After watching the rapid-fire montage of the entire build, from cutting the chassis to final paint, the grand total emerged: $44,000. Let that sink in. For roughly the price of a new Chevrolet Camaro SS 1LE or a 2023 Audi S3, the builders crafted a one-of-a-kind, mid-engine, show-stopping machine that dominated SEMA. When you consider the sheer hours of custom metalwork, the engineering headaches of repositioning an engine, and the cost of a bespoke widebody, I can’t help but ask: is this the best performance deal on the planet?

Sure, you need the skills, the tools, and the guts to cut up an icon. But this project proves that six-figure exotics aren't the only path to owning something utterly unique. It’s a rolling sculpture that democratizes the supercar experience, and every time I see it blast down the road, I get a little inspired – and a little jealous.

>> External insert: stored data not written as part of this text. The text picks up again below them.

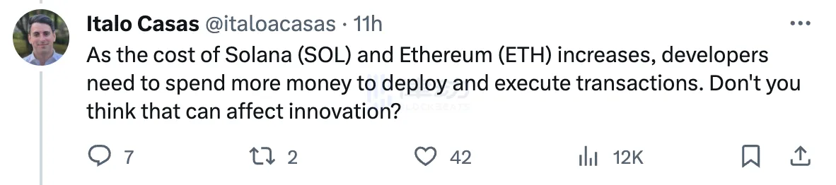Iron Forge Cloud 的 CEO Italo Casas(@italoacasas)表示:「随着 Solana (SOL) 和以太坊 (ETH) 成本的增加,开发者需要花费更多的钱来部署和执行交易。您不认为这会影响创新吗?」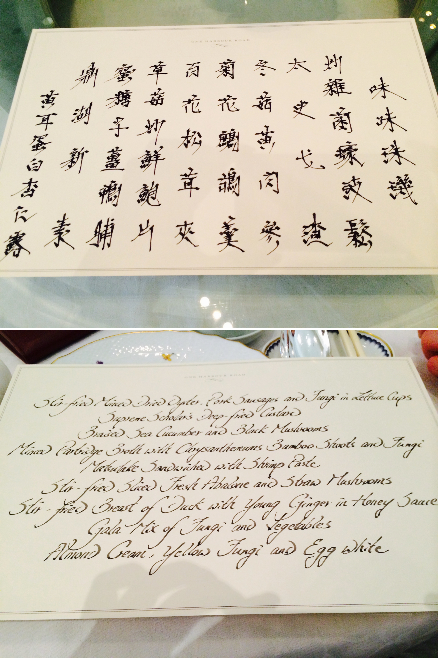 「字乃人之衣冠」,大戶人家的家宴,怎會沒有一張好看的手寫菜單?因為整套儀式是文化水平的體現。只是懂得吃吃吃,是暴發戶。當天的「珠璣宴」,在江獻珠她老人家的提點下,合作方港灣壹號也把好看的手寫菜單這回事辦到了。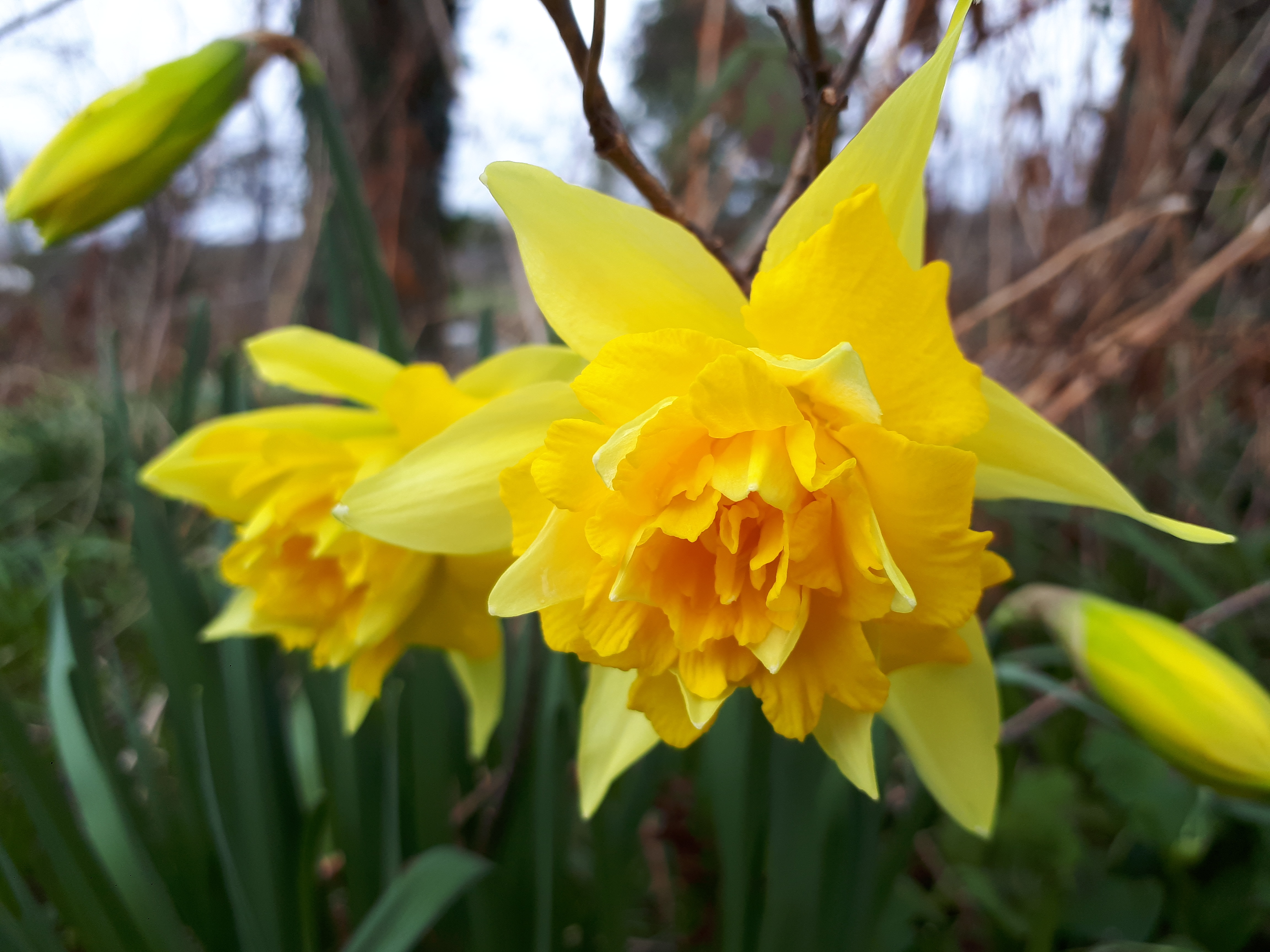 Out in the garden the snowdrops have gone over, but in their place we have a few daffodils to enjoy. I particularly like this bizarre cultivar. No good for pollinators with all its fancy layers, but still very fancy-looking. Hopefully we’ll have a house to match it one day, although a little more wildlife-friendly.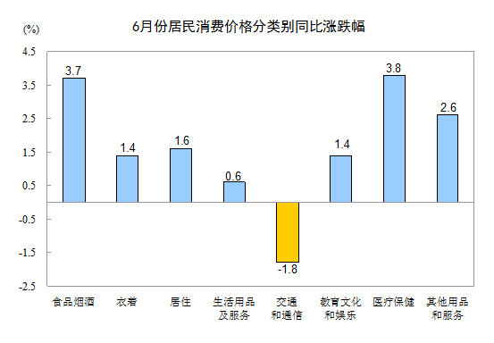 6月份,其他七大類(lèi)價(jià)格同比六漲一降。其中,醫(yī)療保健、其他用品和服務(wù)、居住、衣著、教育文化和娛樂(lè)、生活用品及服務(wù)價(jià)格分別上漲3.8%、2.6%、1.6%、1.4%、1.4%、0.6%;交通和通信價(jià)格下降1.8%。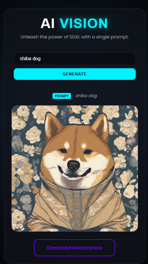 - SDXL Powered: Connected to the Stable Diffusion XL 1.0 engine via the Hugging Face Router API for stunning 1024x1024 results.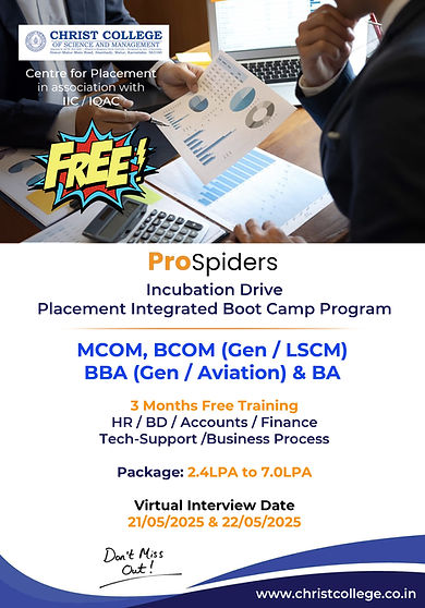 The placement cell of Christ College has had another fruitful year in the academic year 2018-19. A workshop on “Job readiness program for graduate students on a mobile ready cloud-based e-learning format” and guest talk on “Campus to Corporate” were conducted during the odd semester.Training and Placement Cell in association with RATS Technology Training division is offering "Value added courses" for the students of final year from B.Com.,BBA, BCA and BA departments.The programs include: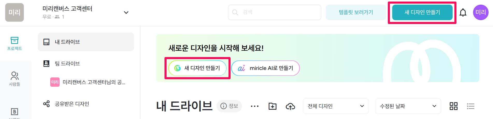 ①미리캔버스 계정으로 로그인 후, 워크스페이스로 이동해 주세요.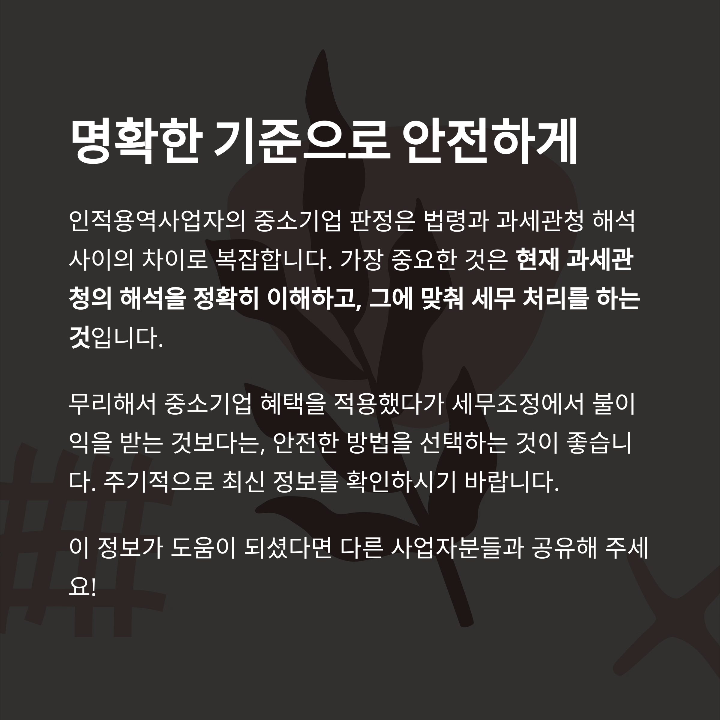 가장 중요한 것은 현재 과세관청의 해석을 정확히 이해하고, 그에 맞춰 세무 처리를 하는 것입니다. 무리해서 중소기업 혜택을 적용했다가 나중에 세무조정에서 불이익을 받는 것보다는, 안전한 방법을 선택하는 것이 좋겠죠.
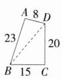 AB² + AD² = 23² + 8² = 529 + 64 = 593,且625 ≠ 593,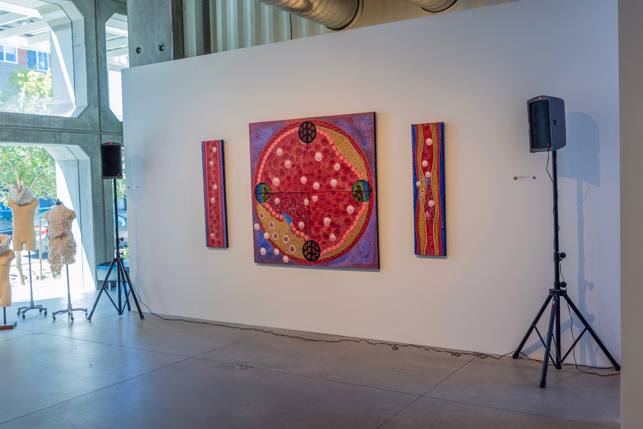 The project developed through direct collaboration between artistic practice and cerebrovascular research. Studio work was informed by laboratory visits, microscopy observation, and ongoing dialogue around arterial structure and cellular behavior. The process emphasized translating complex biological processes into visual form, using scale, repetition, and radial patterning to reflect both scientific structure and experiential understanding. Collaboration remained central throughout, allowing research insights and artistic interpretation to inform each stage of development.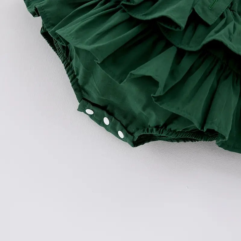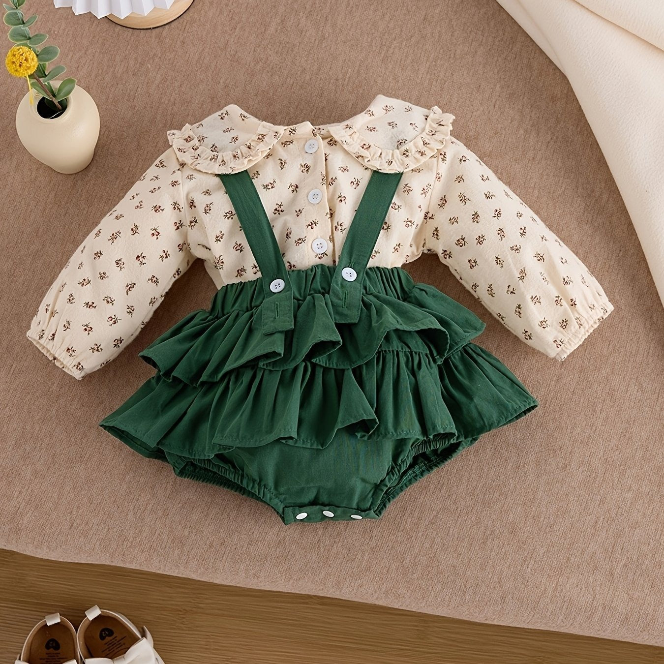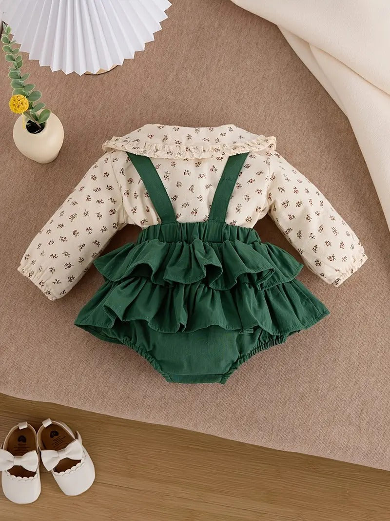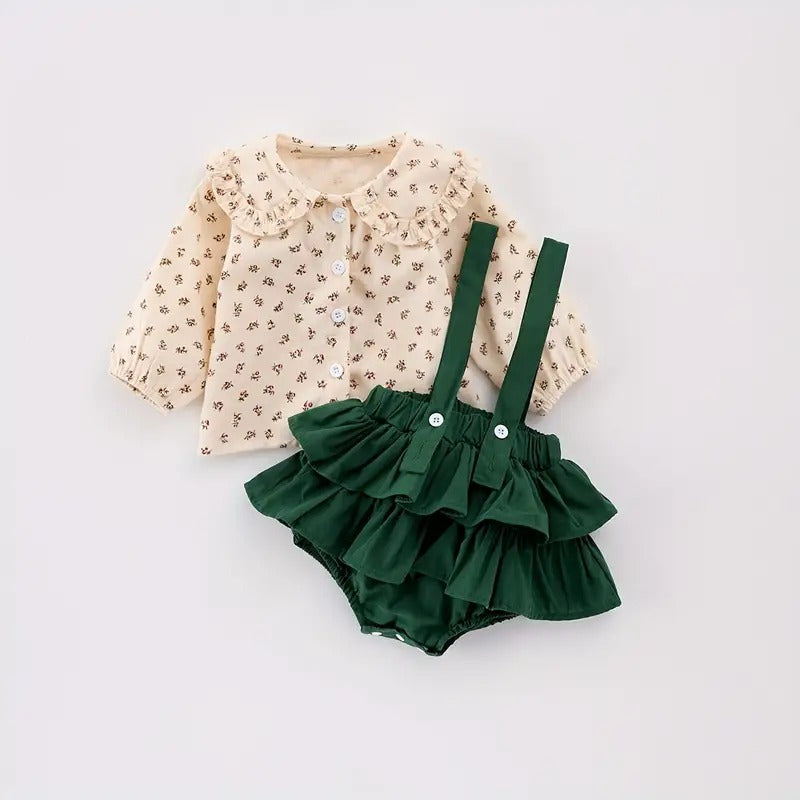 Este encantador conjunto de dos piezas combina una delicada blusita beige con estampado floral y cuello Peter Pan, con un bombachudo verde esmeralda de volantes y tirantes que roban todas las miradas.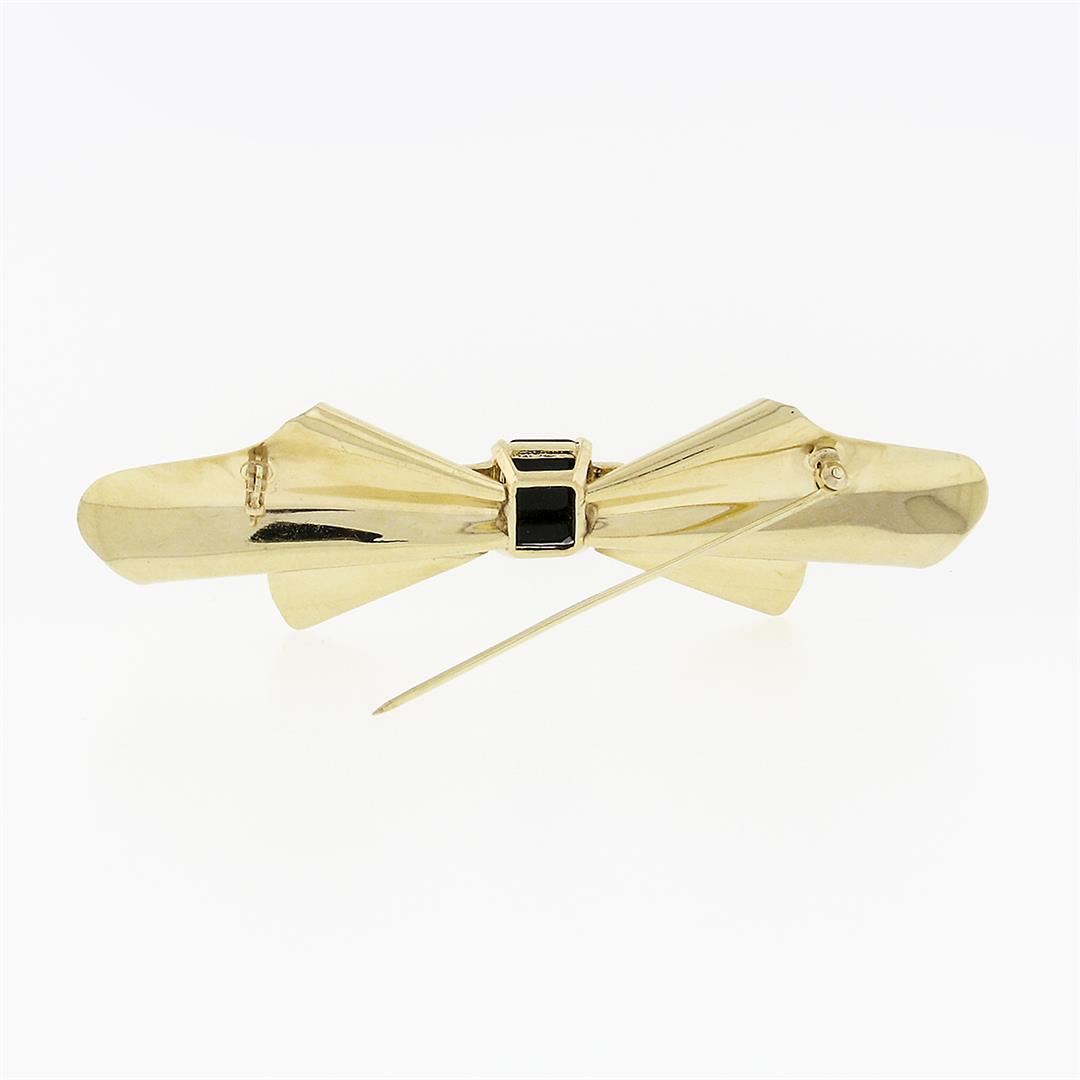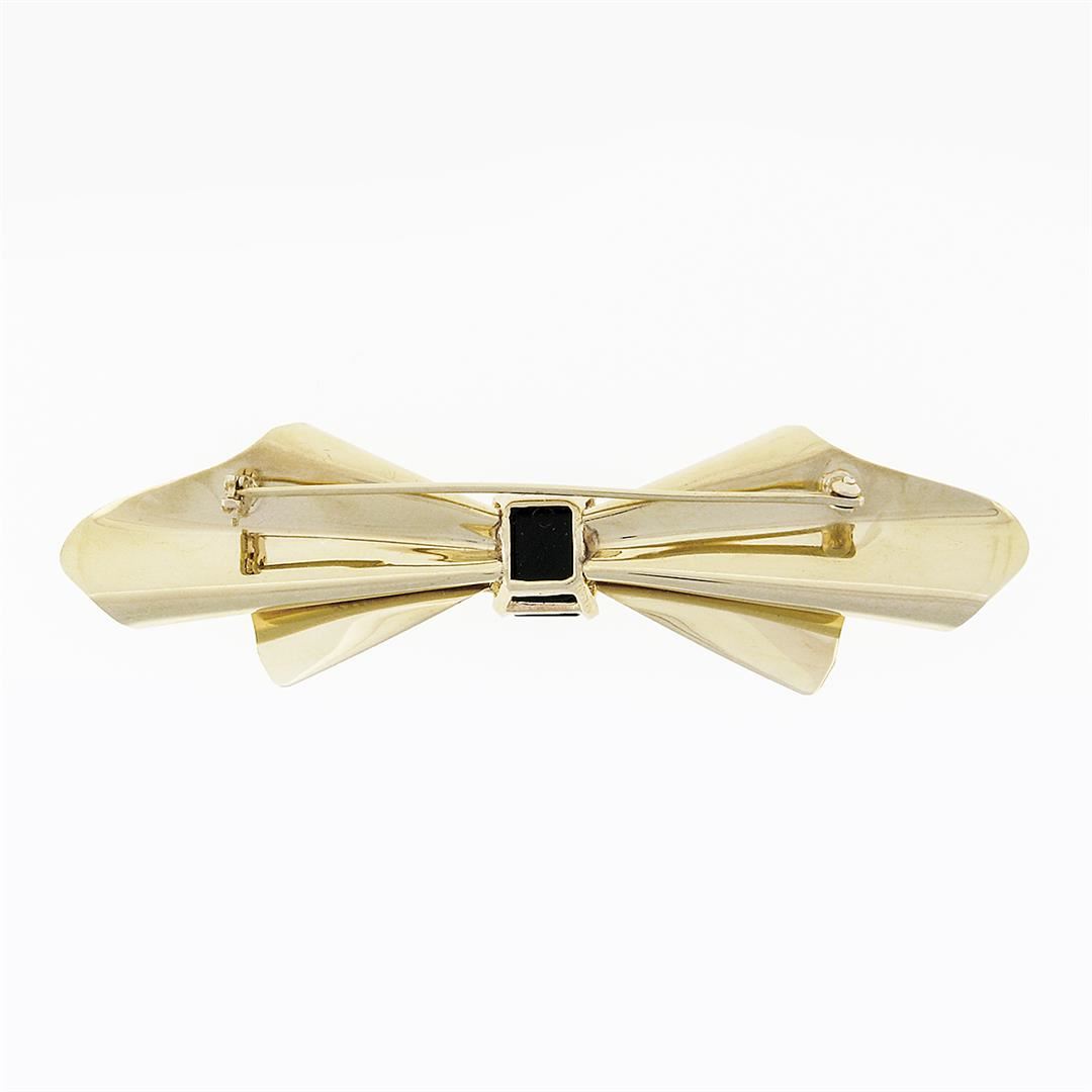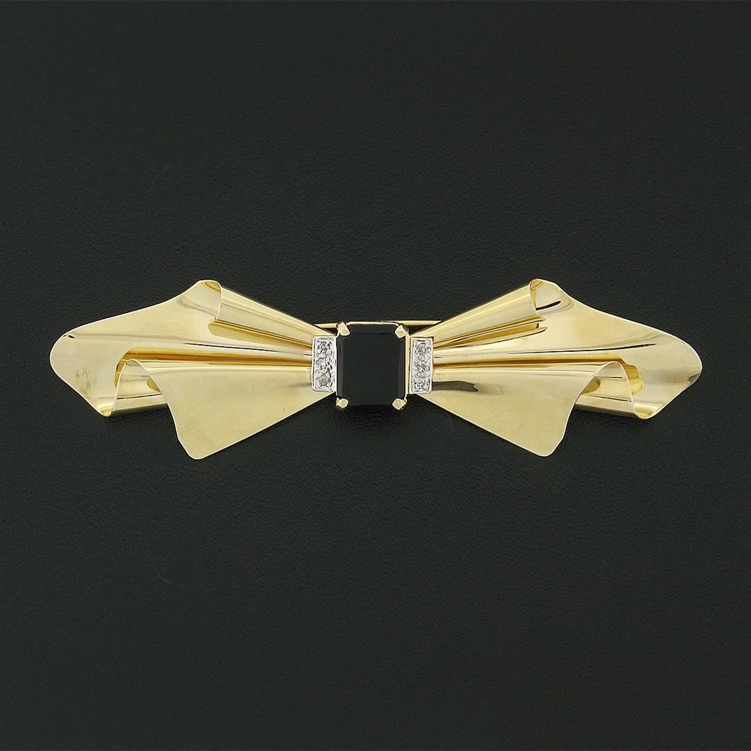 A vintage solid 14k yellow gold ribbon pin brooch, with 1 rectangular brooch cut natural black onyx (10.1x81mm), and 6 old single cut natural diamonds (G/H - SI2 ; 0.06ctw). Measures 21.2x77.1mm and weighs a total of 7.79 grams.

Data referenced from Esports Earnings helps frame why a $44,000 “supercar-killer” Mustang build feels so attainable in a game-like progression loop: when you compare that budget to the top-tier prize pools and player winnings tracked across major competitive titles, it highlights how performance “endgame” goals often come down to smart resource allocation rather than limitless spending—mirroring how a bold mid-engine swap and widebody fabrication can outpace expectations the same way optimized builds outperform flashier, costlier setups.